# Anyone using SSH Tunnel Manager? Help!



## bunner bob (Apr 5, 2004)

I'm having trouble getting SSH Tunnel Manager to work. The problem is, I'm not entirely sure how to set up my configuration. I want to FTP (securely, from GoLive) to a web host. I have the address, username and password. I've previously connected to this host using SFTP via FUGU and some other SFTP app I can't recall, so I know it's possible.

First, there seems to be nowhere to input your password in SSH Tunnel Mgr. There's a space for the host, and for the login, but none for password. Do I combine password and login somehow - userassword or something?

Second, I know I want to redirect local port 21 to remote port 21, so then I'll connect to my local host (127.0.0.1) on port 21. There are two input areas - one for local redirect and one for remote redirect. Each one has an in and out port and a host name (or lan name for the local one).

I'm sure this is a no-brainer for some of you. If you're unfamiliar with this little app, it's at http://projects.tynsoe.org/en/stm/

I wonder if the fact that I connect via Comcast could be the problem?

- Bob


----------



## michaelsanford (Apr 7, 2004)

bunner bob said:
			
		

> First, there seems to be nowhere to input your password in SSH Tunnel Mgr. There's a space for the host, and for the login, but none for password. Do I combine password and login somehow - userassword or something?



SSH Tunnel Manager uses a third-party utility called SSHAskPass (I believe that's the name at least) that is supposed to handle that for you; I never got it to work, that's why I stopped using SSH TM, so I'm afraid I can't help you there.



			
				bunner bob said:
			
		

> Second, I know I want to redirect local port 21 to remote port 21, so then I'll connect to my local host (127.0.0.1) on port 21. There are two input areas - one for local redirect and one for remote redirect. Each one has an in and out port and a host name (or lan name for the local one).



I don't _quite_ remember what the interface looked like, but there are indeed two types of SSH redirects : local and remote. A local redirect does what you want (directs a local port to a port on the remote machine), that's for connecting to services on the remote machine. A remote redirect however is more like bouncing to yet a third machine via the one you're connected to via SSH.

For example, I am outside my home LAN on my iBook and SSH to my iMac inside my LAN. I use a local redirect to connect to my iMac's AppleShare file services, and a remot redirect to connect to my router (my iMac connects to my router and feeds the config page over the tunnel).

By the way I would suggest you not redirect to your local port 21, I'd use a port that's not used by a service, like 46021 (high port that's not assigned anything).

If you really need to use GoLive I'm sure someone else will post a better fix, but a band-aid solution would be to use just the "sftp" utility from the terminal...


----------



## bunner bob (Apr 7, 2004)

I got it to work, using the SSH tunnel option in Fugu.

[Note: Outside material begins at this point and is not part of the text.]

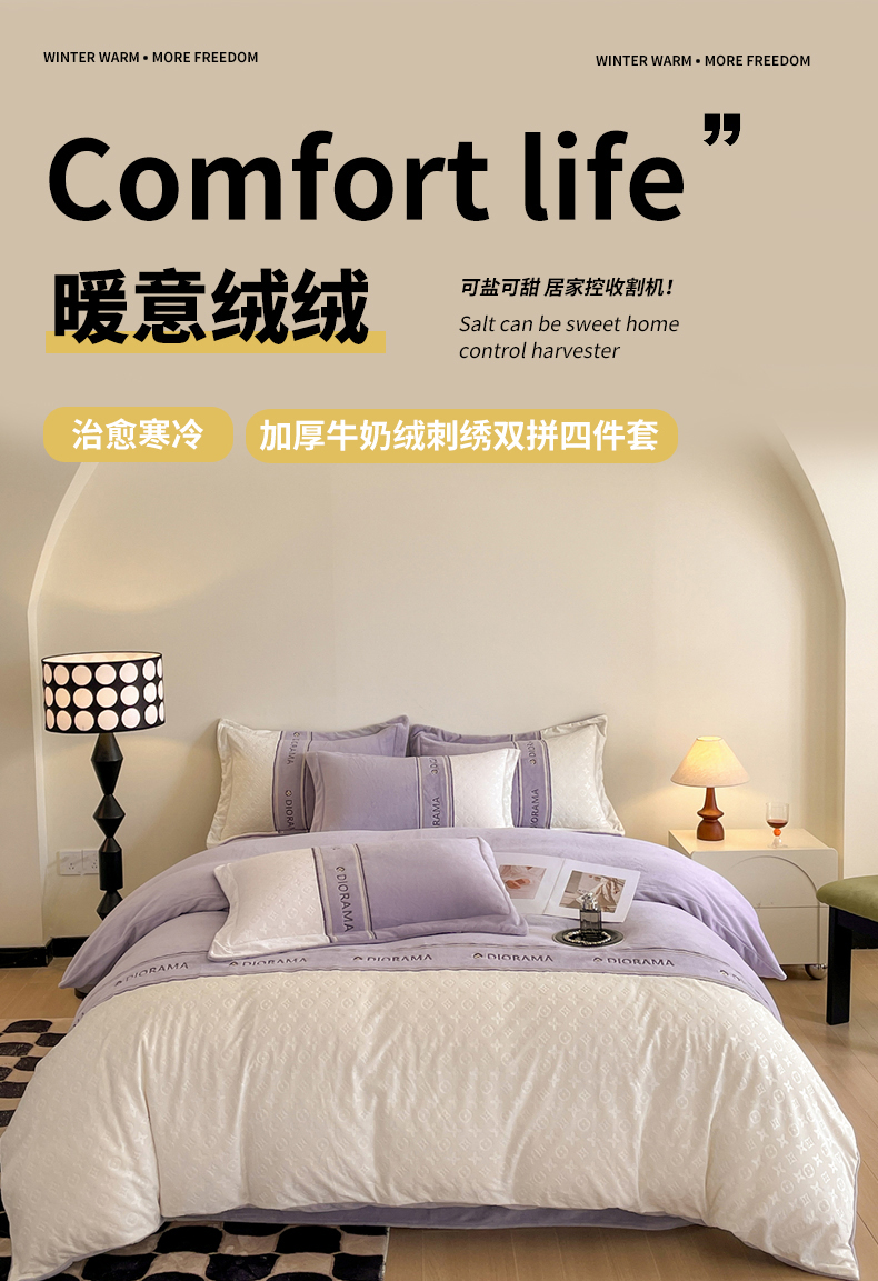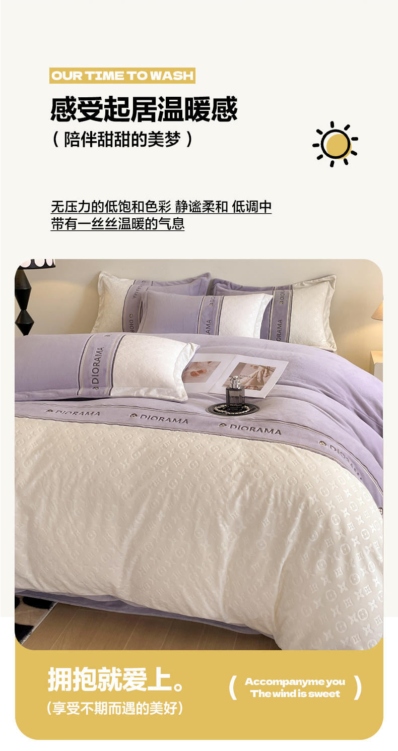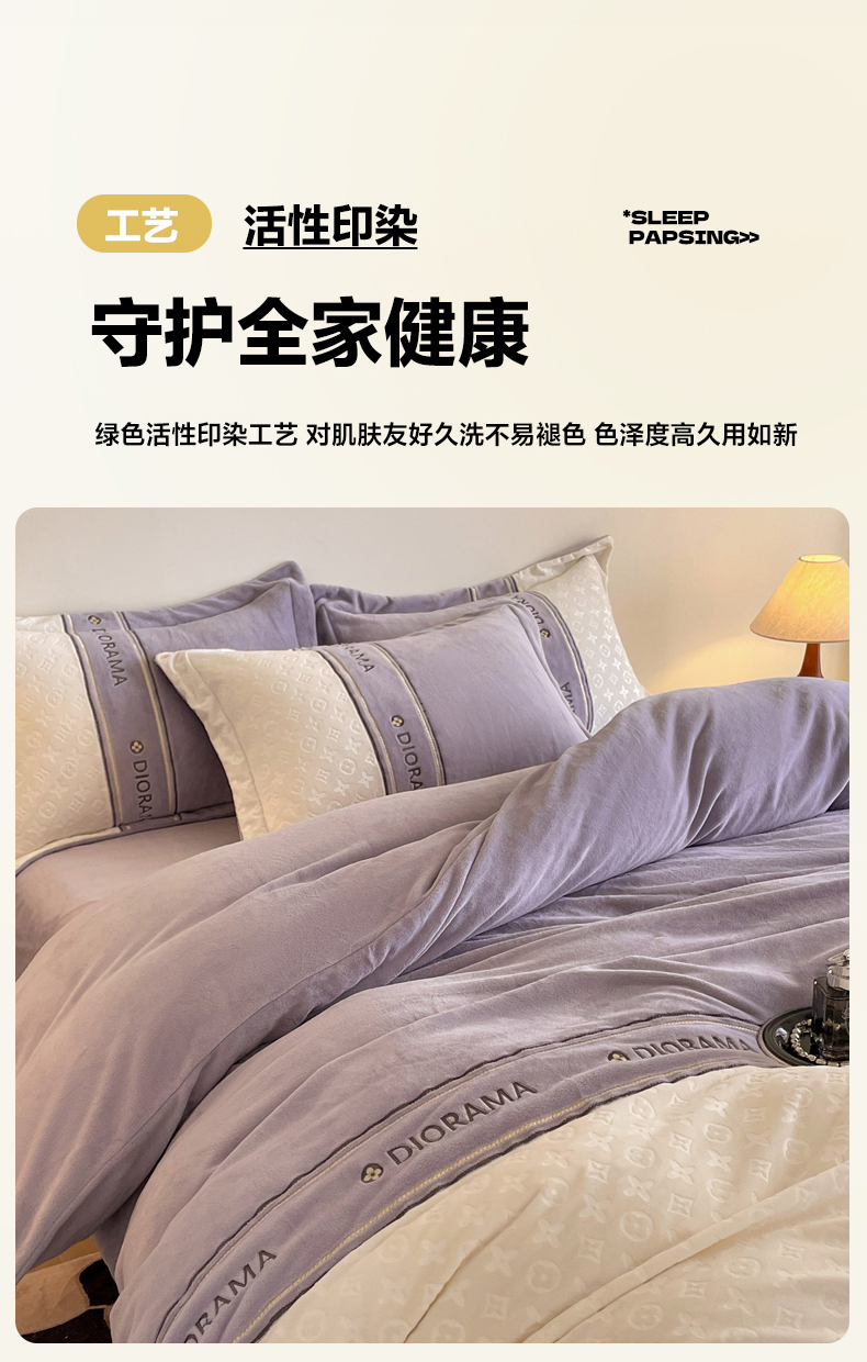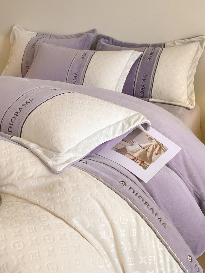 慕木家纺 2025新款牛奶绒路易刺绣拼接四件套 绒路易-熏衣紫

I turn on Remote Login in Sharing prefs, then open a tunnel from local port 1040 to remote port 21, with my local machine hosting the tunnel. Instructions are in Fugu's documentation. Works pretty well, except there's no handy way to save prefs for an SSH connection in Fugu, so you have to hand-type each time.

The only "need" for Golive is that it provides such an elegant way to manage file transfers and updates. One of my sites has over 3000 files on it, and Golive does a pretty fair job of keeping track of which files have changed, and only uploading those ones. Frankly I do all my coding in BBEdit, except for, occasionally, a bit of quick page structuring in Golive.


- Bob


----------